GARStow is the package management system I'm building and using.
History
Back when I first started building my own system, I (like most people)
installed all my software in /usr/local
. Pretty much everything
works fine if you do this, because it's the common case; however, upgrading
software is unreliable because you can't assume you've removed old versions of
files, and removing software is pretty much impossible.
The next iteration of the system involved having each package installed with
its prefix set to /pkg/packagename
, and constructing symlinks by
hand in /include
and /lib
so that libraries worked
correctly. My /etc/profile
built $PATH
automatically
from the directories in /pkg
; this ended up making path searching
in bash horribly slow, so I built a script to construct /pkg/bin
as a directory full of symlinks to files in the other bin
directories.
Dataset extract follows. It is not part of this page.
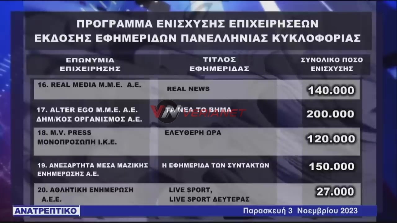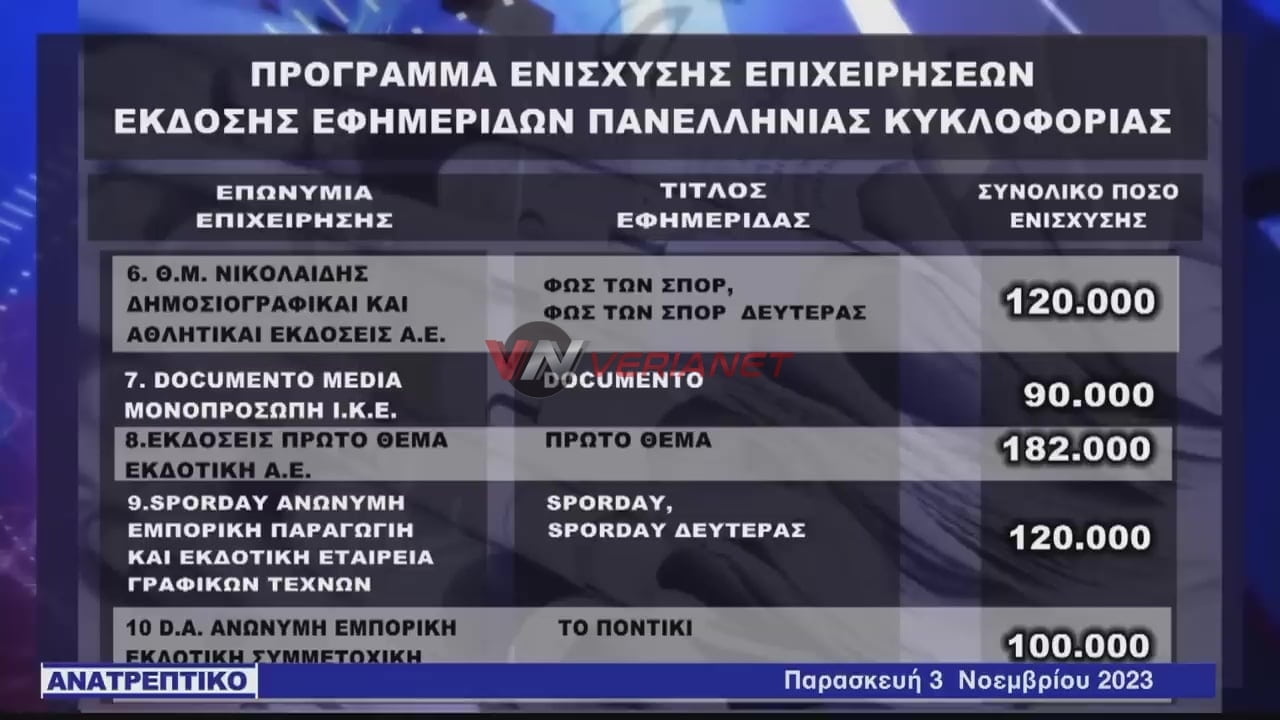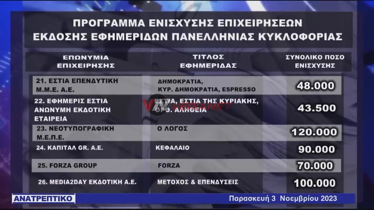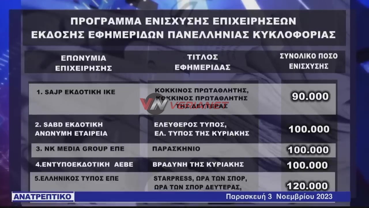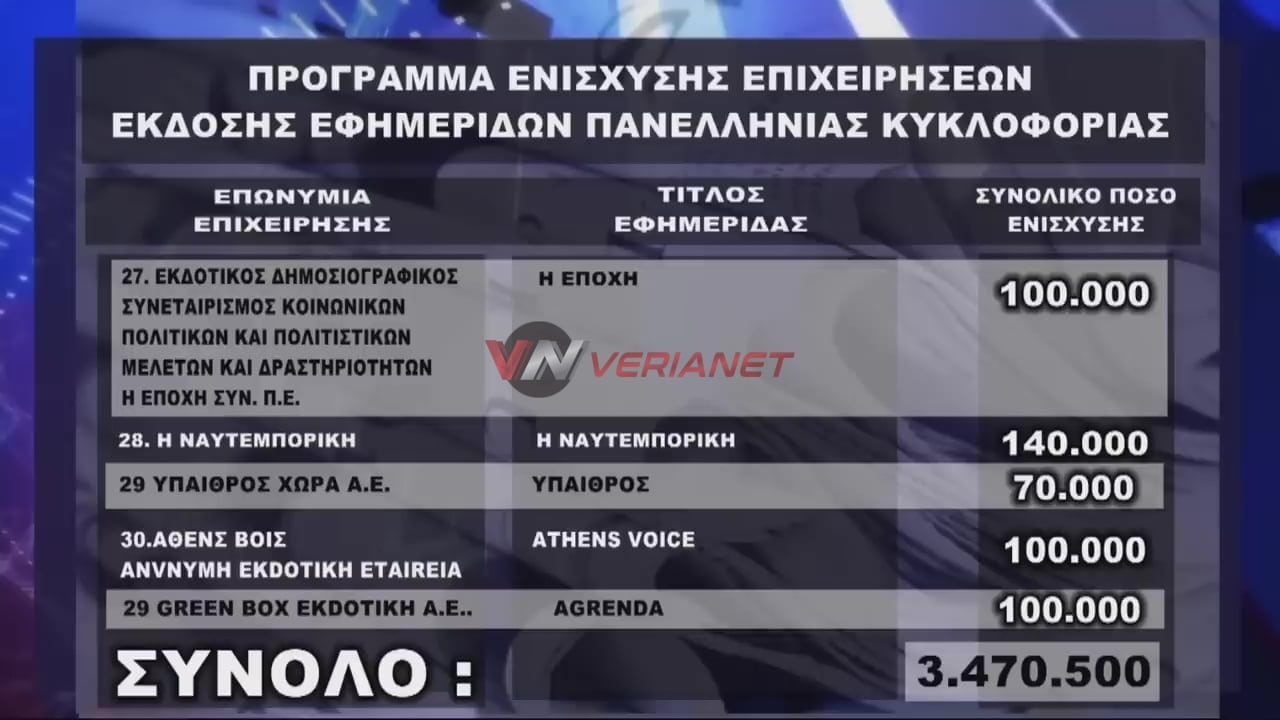 Verianet > News > Ειδήσεις > Ελλάδα > Χρήμα σε εκδοτικά συγκροτήματα και προς (φιλοκυβερνητικές και «αντιπολιτευόμενες») εφημερίδες – «Αυγή» και «Ριζοσπάστης» στη λίστα της χρηματοδότησης

This made package installation and upgrading easy, and removal
reasonably straightforward (I still had to remove the symlinks by hand);
however, libraries still need symlinks making in the right place.
Having looked at GNU stow, the BSD and GAR ports systems, and how the UKC CS department installs software, I reasoned that most of this should be automatable. I therefore modified GAR to understand stow, and GARStow is the result.
How GARStow works
As with the standard GAR system (which you're most likely to have run into for GARNOME, although it was built for the Bootable Business Card project), packages are built from source: the GAR tree uses GNU make to download packages, verify their checksums, extract them, configure them, build them and install them. The major changes that I've made are to the installation step.
GARStow follows the standard stow prefix advice: all packages are configured
to have the same prefix (on my system, /gar
). However, when
packages are installed, the prefix is set to
/gar/packages/packagename-version
. A symlink is then made from
that directory to /gar/packages/packagename
, and
/gar/packages/packagename
is then stowed into
/gar
. A more concrete example of how this works:
$ which links /gar/bin/links $ ls -l /gar/bin/links [...] Oct 16 22:37 /gar/bin/links -> ../packages/links/bin/links $ ls -ld /gar/packages/links [...] Oct 16 22:36 /gar/packages/links -> links-2.1pre4 $ ls /gar/packages/links-2.1pre4/bin/ links
This system means that when a new version of a package is installed, the old package is cleanly unstowed, but is kept around; it is easy to switch between versions of a package by changing the symlink and restowing. Likewise, it is easy to remove a package. It is also possible to ship a package to another GARStow installation by just copying the package-version directory, making the symlink and stowing it. (This could be extended to support making binary packages from GARStow.)
For software that follows the GNU guidelines on prefix handling, GARStow Makefiles are very straightforward:
GARNAME = xemacs GARVERSION = 21.5.6 CATEGORIES = text MASTER_SITES = ftp://ftp.xemacs.org/pub/xemacs/xemacs-21.5/ DISTFILES = $(DISTNAME).tar.gz LIBDEPS = x11/xlib DESCRIPTION = A LISP environment disguised as a shiny text editor HOME_URL = http://www.xemacs.org/ include ../../gar.lib/auto.mk CONFIGURE_ARGS += --pdump
To install this package, all I need to do is make -C /gar/text/xemacs
install
.
I've also modified GAR so that it can check PGP signatures of packages; the GAR tree contains files containing the PGP keys used to verify packages. (Bear in mind that I don't provide signed packages of GARStow, so this doesn't buy you any security unless you check that the keys in your GARStow tree are the correct ones.)
The future
GARStow is far from finished; there's a lot more I'd like to do to it.
- Merge in the latest changes from GARNOME and BBC-GAR. (I note that GARNOME has support for fetching partial files now, for instance.) Likewise, push my changes that are generally useful (extra configure and archive types, signature checking, download fixes) their way.
- Support automatically building (and, optionally, installing) as a non-root user, chowning the package directory after installation. This'll break for packages that expect to be able to set ownership on things during the install.
- Albert Cahalan suggested that GARStow's GCC should spot people specifying system include paths explicitly and correct them to point at the prefix. This could be done using a wrapper script around GCC.
- While I like the idea of stow, I suspect that symlink dereferencing all the time isn't really doing wonders for my root filesystem performance. I'd like to write a very simple package manager that offered the same interface as stow, but used hardlinks and a database (which could be trivially rebuilt) to provide the reverse mapping.